First, let’s understand that small group interventions have come from the RTI (Response to Intervention) model.  Below is a graphic created by Karen Karp shared in Van de Walle’s Teaching Student Centered Mathematics to help explain RTI:

As you can see, given a high quality mathematics program, 80-90% of students can learn successfully given the same learning experiences as everyone.  However, 5-10% of students (which likely are not always the same students) might struggle with a given topic and might need additional small-group interventions.  And an additional 1-5% might need might need even more specialized interventions at the individual level.

The RTI model assumes that we, as a group, have had several different learning experiences over several days before Tier 2 (or Tier 3) approaches are used.  This sounds much healthier than a model of instruction where students are tested on day one, and placed into fix-up groups based on their deficits, or a classroom where students are placed into homogeneous groupings that persist for extended periods of time.

Principles to Action (NCTM) suggests that what I’m talking about here is actually an equity issue!

We know that students who are placed into ability groups for extended periods of time come to have their mathematical identity fixed because of how they were placed.  That is, in an attempt to help our students learn, we might be damaging their self perceptions, and therefore, their long-term educational outcomes.

###### Tier 1 Instruction

While I completely agree that we need to be giving attention to students who might be struggling with mathematics, I believe the first thing we need to consider is what Tier 1 instruction looks like that is aimed at making learning accessible to everyone.  Tier 1 instruction can’t simply be direct instruction lessons and whole group learning.  To make learning mathematics more accessible to a wider range of students, we need to include more low-floor/high-ceiling tasks, continue to help our students spatalize the concepts they are learning, as well as have a better understanding of developmental progressions so we are able to effectively monitor student learning so we can both know the experiences our students will need to be successful and how we should be responding to their thinking.  Let’s not underestimate how many of our students suffer from an “experience gap”, not an “achievement gap”!

If you are interested in learning more about what Tier 1 instruction can look like as a way to support a wider range of students, please take a look at one of the following:

###### Tier 2 Instruction

Tier 2 instruction is important.  It allows us to give additional opportunities for students to learn the things they have been learning over the past few days/weeks in a small group.  Learning in a small group with students who are currently struggling with the content they are learning can give us opportunities to better know our students’ thinking.  However, I believe some might be jumping past Tier 1 instruction (in part or completely) in an attempt to make sure that we are intervening.

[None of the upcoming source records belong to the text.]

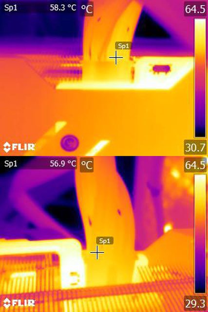 ▼執行FURMARK 30分鐘後,電源端插頭的紅外線熱影像圖(附註:安裝位置環境溫度會影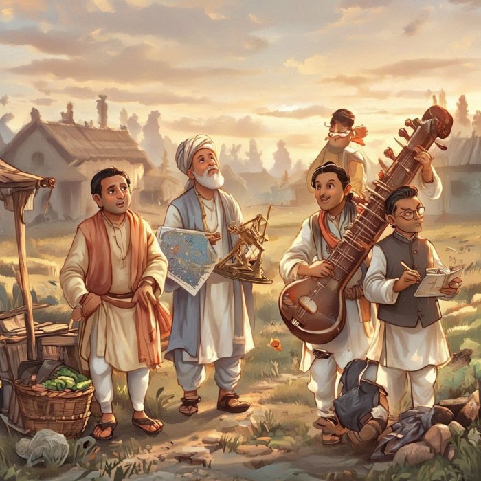 Jednom su četiri obrazovana naučnika – ajurvedski lekar, astrolog, muzičar i logičar – trebali da provedu dan na selu. Svaki od njih bio je veoma upućen u svoju nauku, istaknuti autoritet u svojoj oblasti, ali bez životne mudrosti.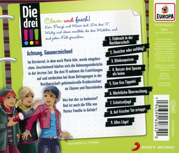 Als die drei Freundinnen herausfinden, dass es sich um Gaunerzinken handelt, mit denen Einbrecher Häuser ausspionieren, beginnt ein Wettlauf gegen die Zeit. Die Mädchen müssen die Botschaften entschlüsseln, um die Täter zu überführen, bevor es zu spät ist. Ein fesselndes Hörerlebnis für alle jungen Spürnasen.
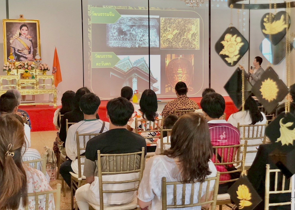 “ลายไทย” ถือเป็นมรดกทางด้านศิลปวัฒนธรรมที่วิจิตรงดงามและสืบเนื่องมาแต่ครั้งโบราณกาลของไทย สมเด็จพระเจ้าน้องนางเธอ เจ้าฟ้าจุฬาภรณวลัยลักษณ์ อัครราชกุมารี กรมพระศรีสวางควัฒน วรขัตติยราชนารี ทรงเห็นคุณค่าและให้ความสำคัญควบคู่ไปกับงานศิลปะแขนงอื่นๆ ด้วยทรงใช้เวลาว่างจากพระกรณียกิจ ด้วยการวาดภาพและระหว่างนั้นก็ยังทรงได้ฝึกฝนการเขียนลายไทย และในบางครั้งได้ปรับประยุกต์ใช้ลายไทย สอดแทรกในงานออกแบบรูปทรงที่สอดคล้องกับธรรมชาติและพื้นที่ที่เหมาะสมในผลงานสร้างสรรค์ นอกเหนือจากวัตถุประสงค์เพื่อแสดงออกถึงคุณค่าทางด้านความงามแล้ว กระบวนการในการสร้างสรรค์ยังเป็นเครื่องมืออันดีต่อการฝึกสมาธิ น้อมนำจิตใจให้เกิดความละเอียดอ่อน และทรงเห็นว่าลายไทยที่งดงามและอ่อนช้อยนั้นต้องใช้ทักษะการฝึกฝนและความเพียร ใช้สมาธิ ฝึกการสังเกต มีความอดทนอดกลั้น แต่เมื่อทรงเริ่มลงมือปฏิบัติ เหตุปัจจัยแก่การเข้าถึงความสงบของจิตก็เกิดขึ้นได้โดยง่าย ด้วยสิ่งนี้ จึงทรงเห็นว่าการศึกษาลายไทยเป็นประโยชน์ต่อจิตใจสร้างพลังใจ ด้วยภาวะดังกล่าวมีความคล้ายสภาวะขณะปฏิบัติธรรม ถือเป็นการนำเอาธรรมะเข้ามาใช้ในการทำงานศิลปะและชีวิตประจำวัน จากการที่สมเด็จพระเจ้าน้องนางเธอ เจ้าฟ้าจุฬาภรณวลัยลักษณ์ อัครราชกุมารี กรมพระศรีสวางควัฒน วรขัตติยราชนารี ทรงมีความสนพระทัยเกี่ยวกับลายไทยจึงเป็นที่มาของการจัดโครงการ “ทิพย์พิมานสร้างศิลป์” ครั้งที่ ๑/๒๕๖๘ (workshop: เครื่องแขวนลายทอง) เพื่อเป็นการส่งเสริมและพัฒนาการเรียนรู้ทางด้านศิลปะไทย ซึ่งการเขียนลายไทย ถือเป็นกระบวนการหนึ่งในการพัฒนาจิตใจให้เกิดสติปัญญา ทั้งผู้สร้างสรรค์และผู้ชมก็ล้วนได้ประโยชน์ ดังพระดำรัสที่ว่า “ศิลปะเป็นเครื่องกล่อมเกลาชีวิตของคน” การศึกษาลายไทยนั้นแฝงด้วยสภาวะธรรมอันนำไปสู่เนื้อหาหรือปรัชญาความหมายที่ลึกซึ้ง ซึ่งไม่เพียงแฝงอยู่ในกระบวนการสร้างสรรค์ผลงาน แต่รวมไปถึงวิถีชีวิต ขนบธรรมเนียมประเพณี การดำรงชีวิตและสิ่งแวดล้อมที่บรรพบุรุษได้สร้างสรรค์ผลงานด้วยความรัก ความศรัทธา เกิดเป็นความองค์ความรู้และภูมิปัญญาของแผ่นดินไทย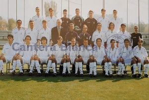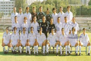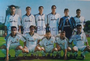 2ª Fila, SESTELO (Sergio Sestelo Guijarro), CÉSAR NAVAS (César González Navas), Sr. Vicente Díaz Calderón (Delegado), Sr. Jorge Alberto Valdano (Director General Deportivo), Sr. Florentino Pérez Rodríguez (Presidente del Real Madrid), Sr. Francisco Buyo Sánchez (entrenador), Sr. José Luis San Martín Rey (preparador físico), Sr. Daniel Martínez Oyamburu (A.T.S.), PAVÓN (Francisco Pavón Barahona), LEO (Juan Francisco Leo Bermejo)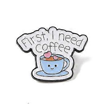 Handmade Cat and Coffee Brooch, Unisex Enamel Lapel Pin, Gold-Tone Metal, Cat and Coffee Design, 1.2in x 1.5in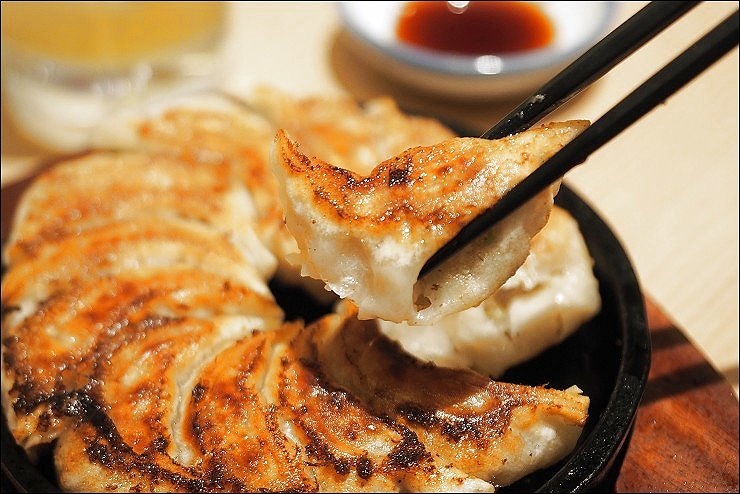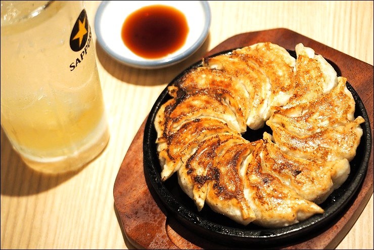 店家招牌博多鐵鍋煎餃(8個490日圓/12個730日圓),現點現做約等10分鐘。博多鐵鍋煎餃是日本特色一口吃餃子,煎的金黃油亮的餃子,沾點水餃醬就很好吃,如果想要更提味,我推薦加點柚子胡椒,熱熱酥酥的煎餃,加上柚子的香氣,很美味!因為是現煎的,鐵鍋很燙,煎餃也很燙,吃的時候要小心一點。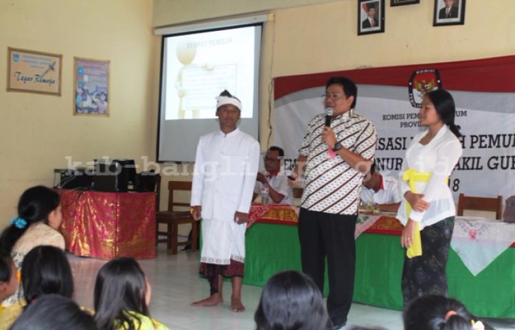 Begitu juga dengan masyarakat Bangli yang menikah ke kabupaten lain. Secara administrasi mereka telah dimutasi ke daerah tujuan. Namun sesuai aplikasi, jika dalam rentan waktu 31 hari masyarakaat itu tidak melapor ke Disdukcapil yang dituju. Maka aplikasi secara otomatis langsung kembali ke Bangli. Hal ini pernah terjadi di Bangli. Diharapkan, semua pihak bisa ikut membantu pihaknya ikut mensosialisasikan Administrasi Kependudukan (Adminduk). Baik ke sekolah maupun desa yang kini jumlah desa sudah dissar mencapai 48 desa dari 72 desa di Kabupaten Bangli. Mengenai masyarakat yang menikah dibawah usia 16 tahun, sesuai aturan dan aplikasi penerbitan akte perkawinan harus disertai dengan surat ijin pengadilan. Sedangkan usia 16 - 17 tahun baru ijin dari orang tua. ‘’Berdasarkan data per 18 Juni 2017, ada 2.192 orang berusia 17 tahun ppada Rabu 27 Juni 2018. Sesuai sistem aplikasi, mereka baru bisa melakukan perekaman satu hari setelah hari rabu. Mohon masalah ini dikoordinasikan oleh KPU Bangli karena sistem aplikasi memang sudah seperti itu,’’pungkasnya.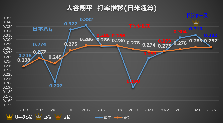 【大谷翔平】打撃成績推移シリーズ(2025年終了時)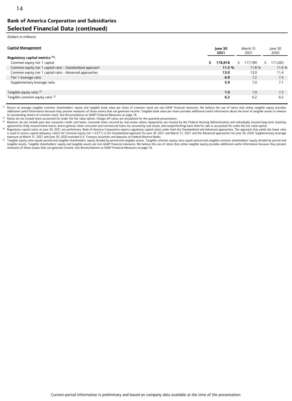 Current-period information is preliminary and based on company data available at the time of the presentation. 14 Bank of America Corporation and Subsidiaries Selected Financial Data (continued) (Dollars in millions) Capital Management June 30 2021 March 31 2021 June 30 2020 Regulatory capital metrics (4): Common equity tier 1 capital $ 178,818 $ 177,789 $ 171,020 Common equity tier 1 capital ratio - Standardized approach 11.5 % 11.8 % 11.6 % Common equity tier 1 capital ratio - Advanced approaches 13.0 13.0 11.4 Tier 1 leverage ratio 6.9 7.2 7.4 Supplementary leverage ratio 5.9 7.0 7.1 Tangible equity ratio (5) 7.0 7.0 7.3 Tangible common equity ratio (5) 6.2 6.2 6.5 (1) Return on average tangible common shareholders’ equity and tangible book value per share of common stock are non-GAAP financial measures. We believe the use of ratios that utilize tangible equity provides additional useful information because they present measures of those assets that can generate income. Tangible book value per share provides additional useful information about the level of tangible assets in relation to outstanding shares of common stock. See Reconciliations to GAAP Financial Measures on page 18. (2) Ratios do not include loans accounted for under the fair value option. Charge-off ratios are annualized for the quarterly presentation. (3) Balances do not include past due consumer credit card loans, consumer loans secured by real estate where repayments are insured by the Federal Housing Administration and individually insured long-term stand-by agreements (fully insured home loans), and in general, other consumer and commercial loans not secured by real estate, and nonperforming loans held for sale or accounted for under the fair value option. (4) Regulatory capital ratios at June 30, 2021 are preliminary. Bank of America Corporation reports regulatory capital ratios under both the Standardized and Advanced approaches. The approach that yields the lower ratio is used to assess capital adequacy, which for Common equity tier 1 (CET1) is the Standardized approach for June 30, 2021 and March 31, 2021 and the Advanced approaches for June 30, 2020. Supplementary leverage exposure at March 31, 2021 and June 30, 2020 excluded U.S. Treasury securities and deposits at Federal Reserve Banks. (5) Tangible equity ratio equals period-end tangible shareholders’ equity divided by period-end tangible assets. Tangible common equity ratio equals period-end tangible common shareholders’ equity divided by period-end tangible assets. Tangible shareholders’ equity and tangible assets are non-GAAP financial measures. We believe the use of ratios that utilize tangible equity provides additional useful information because they present measures of those assets that can generate income. See Reconciliations to GAAP Financial Measures on page 18.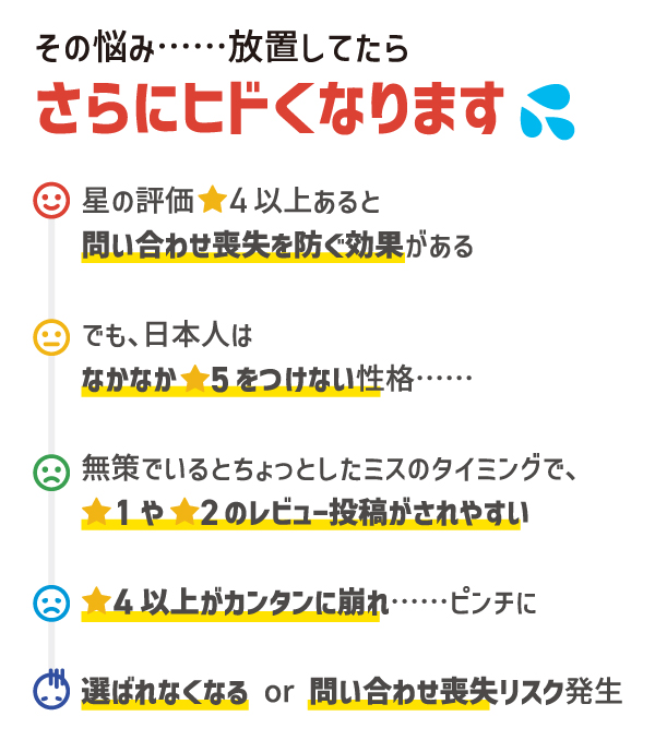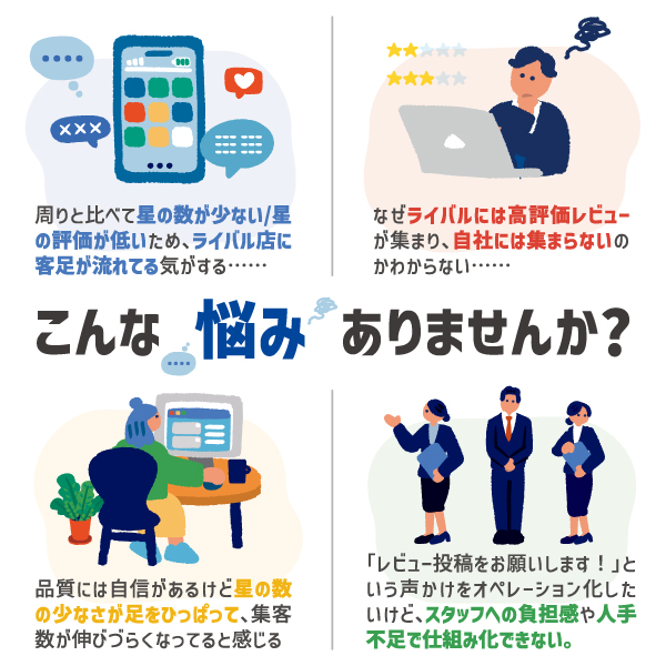 - アンケートの設問によって集客・予約につながりやすいレビューが集まります。

To be honest, this doesn’t make instructional sense to me! If we care about our content, and care about our students’ relationship with mathematics, this might be the wrong first move.

So, let’s make sure that Tier 2 instruction is:

• Provided after several learning experiences for our students
• Flexibly created, and easily changed based on the content being learned at the time
• Focused on student strengths and areas of need, not just weaknesses
• Aimed at honoring students’ agency, ownership and identity as mathematicians
• Temporary!

If you are interested in learning more about what Tier 2 interventions can look like take a look at one of the following:

Instead of seeing mathematics as being learned every day as an approach to intervene, let’s continue to learn more about what Tier 1 instruction can look like!  Or maybe you need to hear it from John Hattie:

Or from Jo Boaler:

###### Final Thoughts

If you are currently in a school that uses small group instruction in mathematics, I would suggest that you reflect on a few things:

• How do your students see themselves as mathematicians?  How might the topics of Agency, Authority and Identity relate to small group instruction?
• What fixed mindset messaging do teachers in your building share “high kids”, “level 2 students”, “she’s one of my low students”….?  What fixed mindset messages might your students be hearing?
• When in a learning cycle do you employ small groups?  Every day?  After several days of learning a concept?
• How flexible are your groups?  Are they based on a wholistic leveling of your students, or based specifically on the concept they are learning this week?
• How much time do these small groups receive?  Is it beyond regular instructional timelines, or do these groups form your Tier 1 instructional time?
• If Karp/Van de Walle suggests that 80-90% of students can be successful in Tier 1, how does this match what you are seeing?  Is there a need to learn more about how Tier 1 approaches can meet the needs of this many students?
• What are the rest of your students doing when you are working with a small group?  Is it as mathematically rich as the few you’re working with in front of you?
• Do you believe that all of your students are capable to learn mathematics and to think mathematically?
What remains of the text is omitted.